Part of that boost is due to the calendar: Hosmer arrived on a Friday and weekend series almost always draw better than weekday series, and the Royals completed their most recent homestand by hosting the intrastate rival St. Louis Cardinals in a weekend interleague series that drew an average of 29,080.

Yet even before Hosmer joined the big league team, interest in the Royals was rising. The Royals drew 30,690 fans for his debut, the third time in a nine-game homestand they welcomed at least 29,000 fans. And, television ratings for Royals games were up dramatically over a year ago — 26 percent, according to a recent article in the Kansas City Star newspaper — even before Hosmer’s arrival. The team has also experienced improvements in web traffic and merchandise sales as well.

Royals vice president George Brett, who collected every one of his 3,154 hits in a Royals uniform and is the franchise’s lone representative in the Baseball Hall of Fame, told the Star that he is “convinced…there’s more of an interest in this team right now than there has been in years.”

On the secondary ticket market, the Royals are not a big draw, but some brokers have generated decent sales.
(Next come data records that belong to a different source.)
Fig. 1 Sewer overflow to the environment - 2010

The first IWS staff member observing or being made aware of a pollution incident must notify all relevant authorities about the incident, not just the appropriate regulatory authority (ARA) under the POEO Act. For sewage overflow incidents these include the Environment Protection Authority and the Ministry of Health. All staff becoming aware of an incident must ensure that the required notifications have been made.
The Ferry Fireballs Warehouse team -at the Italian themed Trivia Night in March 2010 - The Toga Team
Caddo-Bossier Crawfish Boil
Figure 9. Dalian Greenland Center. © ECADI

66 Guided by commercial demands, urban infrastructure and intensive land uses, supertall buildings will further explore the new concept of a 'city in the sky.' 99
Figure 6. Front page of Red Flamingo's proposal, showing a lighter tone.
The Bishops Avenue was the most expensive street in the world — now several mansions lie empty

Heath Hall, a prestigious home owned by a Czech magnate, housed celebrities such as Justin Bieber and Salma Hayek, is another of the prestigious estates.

According to ticket search engine SeatGeek, the average price for a Royals ticket on the resale market is $32, which puts them 26th out of 30 MLB teams. For the teams next home game, May 30 against the Los Angeles Angels, StubHub has more than 1,000 tickets available starting at $5 each.

“We’re making a little money them,” ASC Ticket owner Jeff Greenberg told TicketNews, “mainly because we bought some of their two-for-one ticket deals.”
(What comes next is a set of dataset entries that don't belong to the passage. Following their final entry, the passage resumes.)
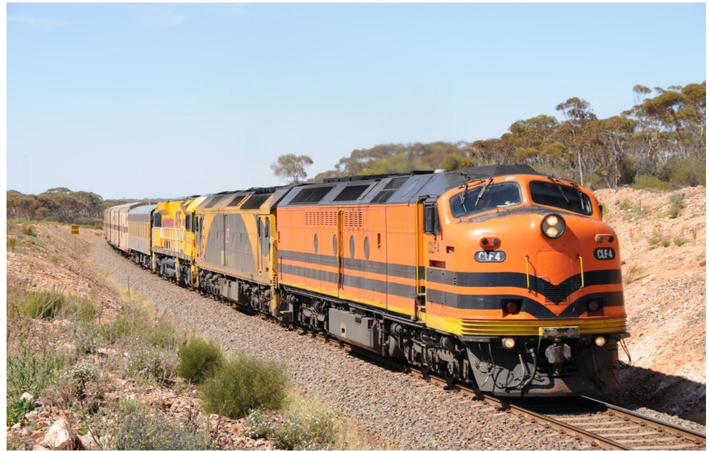
CLF4 & G534 haul dead AC4308 on its delivery run on 7AP1 QR National intermodal with SCT vans on lead as they enter the Binduli cutting west of Kalgoorlie on September 28th.

P2516 & NJ1602 ran 1306 empty woodchip wagons from Albany to Forrestfield to have wagons run through RailBam axle flaw detector at Millendon on September 27th. On arrival at Forrestfield NJ1602 was detached then taken to workshop for maintenance with P2516 running 1305 empty wagons back to Avon yard to stable. NJ1602 was attached behind P2504 on 6343 empty grain train at Forrestfield then hauled back to Avon on evening of October 2nd. DBZ2308, NJ1602 & DD2359 ran 7305 empty woodchip wagons back to Albany on October 3rd to resume woodchip services on 5th.
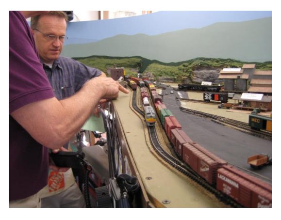
Delta Ops 11/2/2012
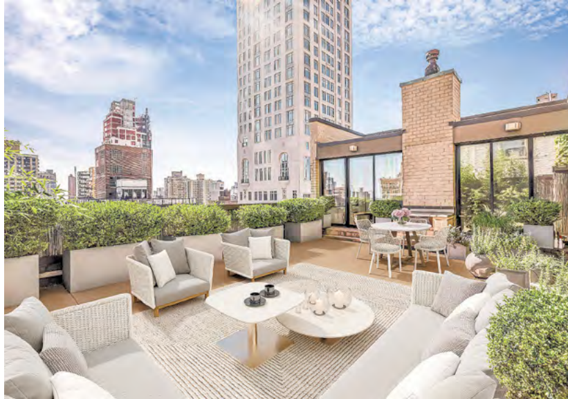
1474 Third Avenue, PHS 3 BR | 3.5 BA | $4,480,000 1474ThirdAvePHS.com
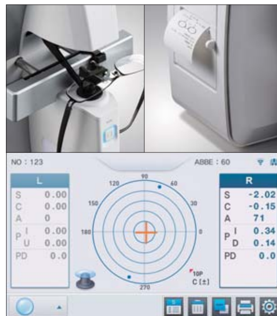
User-friendly Graphic Interface
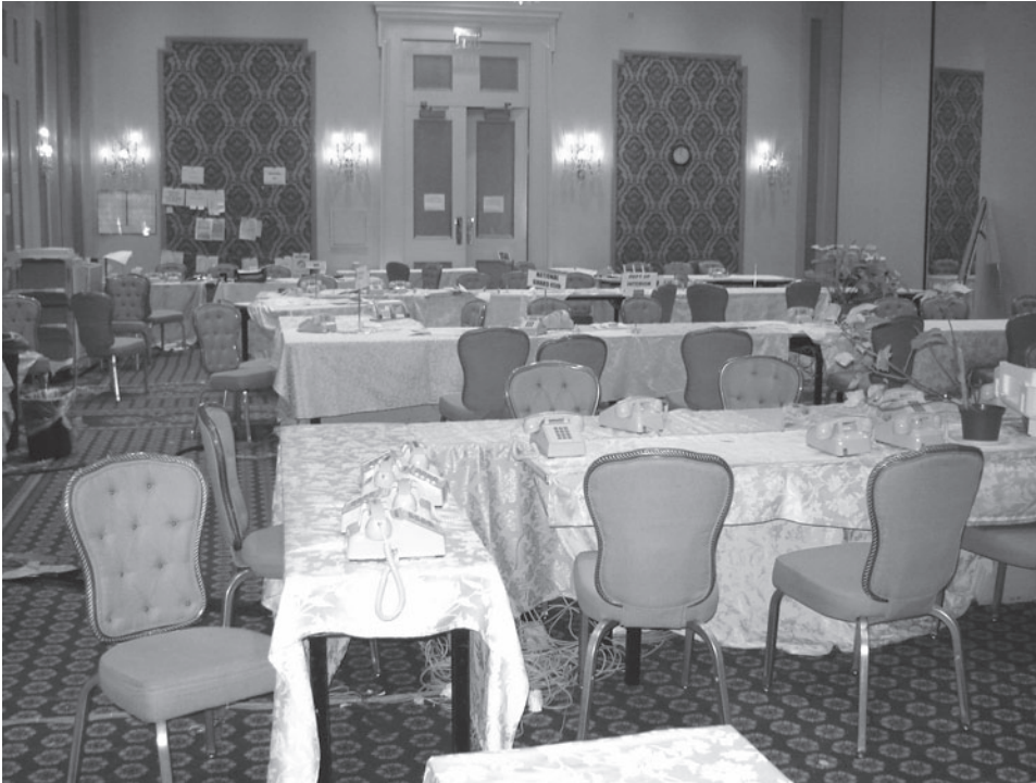
Figure 1. Hotel Conference Room Where FEMA Laptops and Printers Were Supposed to Be

Greenberg said his company could make close to 15 percent profit on the tickets, but as with a lot of teams, that will depend on “how they play on the field.”

Few markets in baseball are as starved to root for a winner as Kansas City, which hosted one of baseball’s best teams during a 15-year stretch from 1975 through 1988 in which the Royals enjoyed 12 winning seasons, made the playoffs seven times (including in the strike-shortened 1981 season, when they finished with an overall record of 50-53) and won the World Series in 1985.

But the Royals have not made the playoffs since 1985, by far the longest drought in the American League, and have produced just four winning seasons since 1990, back when Hosmer was not even a year old. The Royals, despite being owned by former WalMart executive David Glass, have annually fielded a team with one of the lowest payrolls in the game — this year’s squad began the season with the lowest payroll at a little more than $36 million — and have been forced to trade homegrown stars such as Johnny Damon and Carlos Beltran before losing them for nothing once they reach free agency.

This year marks the 20th anniversary of the last time the Royals sold as many as 2 million tickets and managed to finish in the top 10 in the AL in attendance. They have placed 11th or lower in each of the last seven seasons.